> Provided material:
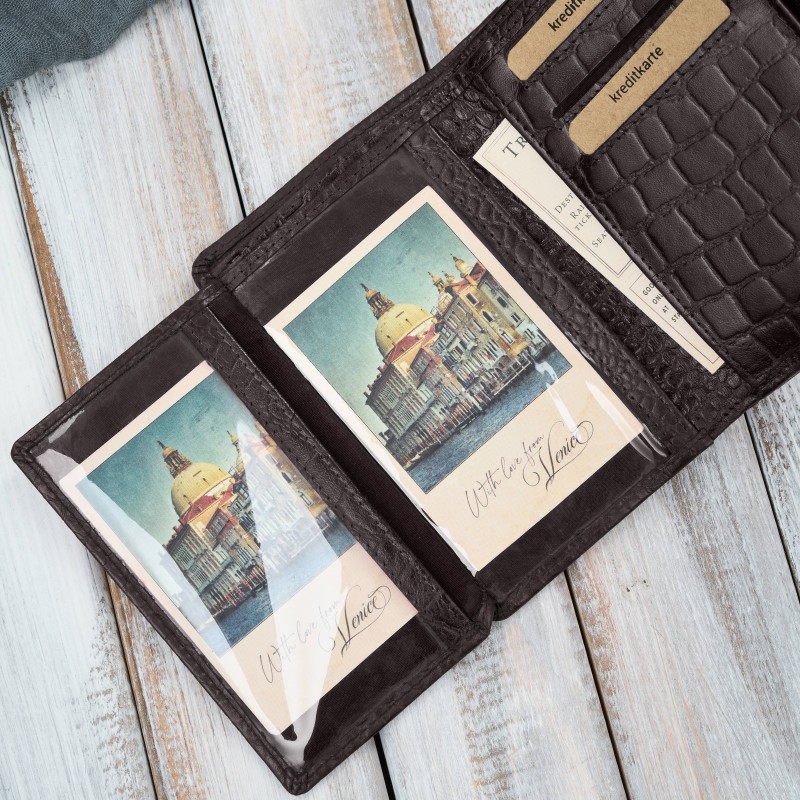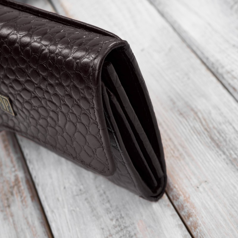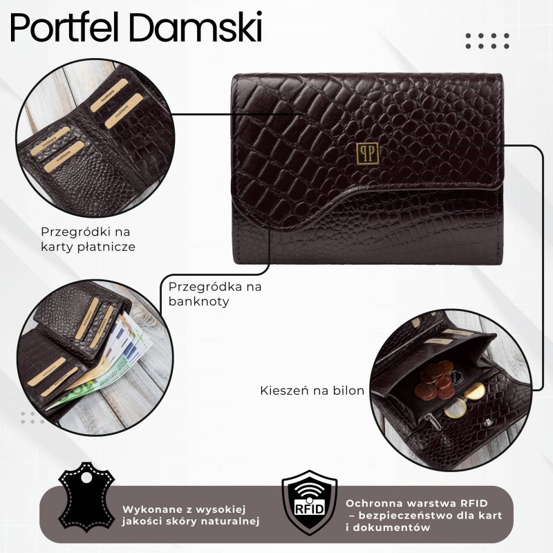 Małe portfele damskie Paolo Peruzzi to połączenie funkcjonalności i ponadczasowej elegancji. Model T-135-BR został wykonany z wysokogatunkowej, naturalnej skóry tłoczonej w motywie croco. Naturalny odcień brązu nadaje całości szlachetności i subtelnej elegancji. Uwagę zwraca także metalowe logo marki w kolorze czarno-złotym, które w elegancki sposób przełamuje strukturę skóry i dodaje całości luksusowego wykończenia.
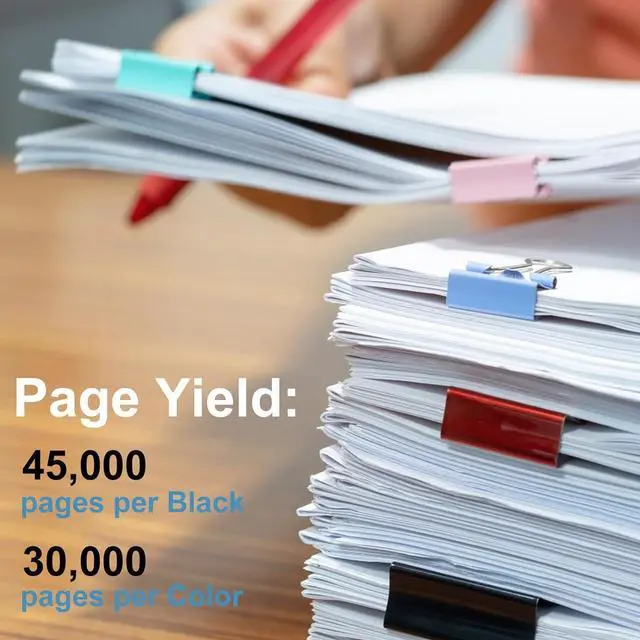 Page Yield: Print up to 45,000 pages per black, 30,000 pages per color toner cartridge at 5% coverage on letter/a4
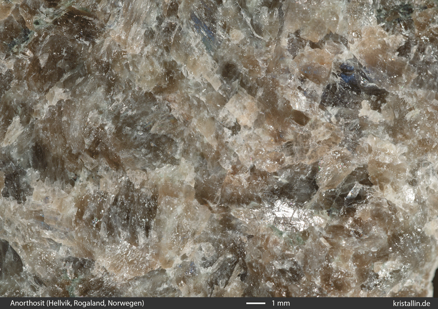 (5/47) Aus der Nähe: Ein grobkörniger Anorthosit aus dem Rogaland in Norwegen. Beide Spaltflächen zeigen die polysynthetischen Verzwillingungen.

> Exercise details: Write out the full listing verbatim, excluding its pictures.

> Solution to this task:
 Małe portfele damskie Paolo Peruzzi to połączenie funkcjonalności i ponadczasowej elegancji. Model T-135-BR został wykonany z wysokogatunkowej, naturalnej skóry tłoczonej w motywie croco. Naturalny odcień brązu nadaje całości szlachetności i subtelnej elegancji. Uwagę zwraca także metalowe logo marki w kolorze czarno-złotym, które w elegancki sposób przełamuje strukturę skóry i dodaje całości luksusowego wykończenia.
 Page Yield: Print up to 45,000 pages per black, 30,000 pages per color toner cartridge at 5% coverage on letter/a4
 (5/47) Aus der Nähe: Ein grobkörniger Anorthosit aus dem Rogaland in Norwegen. Beide Spaltflächen zeigen die polysynthetischen Verzwillingungen.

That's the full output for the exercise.